Latino heritage celebrated in Youngstown


By Ashley Luthern

aluthern@vindy.com

YOUNGSTOWN

As dancers whirled on stage, their skirts of green, pink, red and yellow seemed to shift like a kaleidoscope.

Music blared, and the crowd of more than 100 shifted to the sound Saturday night during Latino Heritage Night at Horizon Science Academy on the city’s South Side.

The dancers from the Spanish Evangelical Church on South Avenue were the favorite part of the night for 7-year-old Shayla Berger, a Horizon student.

“I like the dancers,” she said smiling. Berger had taken the stage earlier with Horizon’s kindergarten, first- and second-grade students singing a medley of songs in Spanish.

The school-sponsored cultural program is important to students and their families, said Christina Fernandez, Berger’s aunt.
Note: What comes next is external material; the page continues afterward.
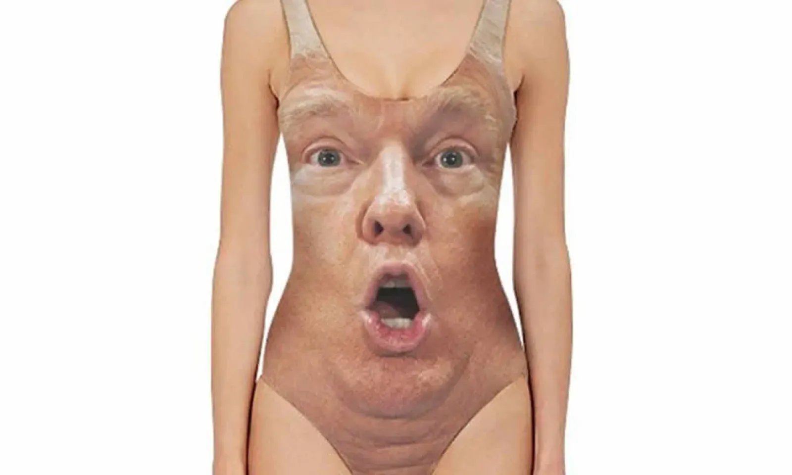 Une société californienne fait des vagues depuis la commercialisation d'un maillot de bain une pièce dont le motif n'est autre qu'une photo du visage du président américain Donald Trump.

“It gives them education about their roots,” Fernandez said.

She said her niece is of mixed race, black and Puerto Rican, and she should learn about all parts of her heritage.

About 16 percent of Horizon’s 312 students identify as Latino or Hispanic, and even more identify as mixed-race, said Marin s Ramos, who teaches Spanish and organized the event.

“We’re trying to create awareness of every culture,” she said, later opening the program by reminding the audience: “We are not alone in this world.”

Ramos worked with students after school, teaching them traditional dances from Latin America. She said she doesn’t just teach the steps but the story and symbolism behind them.

Sierra Stephens, a seventh-grader, was one of the students who performed Saturday, but she said her favorite part of Latino Heritage Night is hearing and speaking another language.

“It’s been fun leaning Spanish,” said Stephens, who was the school’s alternate competitor at the local Spanish language spelling bee last year.

This was the second Latino Heritage Night, which has become an annual event, said principal Hasan Akkaya.

The charter school had help from Youngstown State University, which connected school officials with performers such as the Chilean Folkloric Dance Group from New Castle, singing group Trio Riquena and Peruvian dancers, Akkaya said.

Maggie McClendon, YSU’s assistant director for diversity-recruitment and admissions, said the university does many outreach activities.

“I hope [students] take away a sense of pride and a learning about their background, and they can pay it forward and teach their children about being Latino,” she said.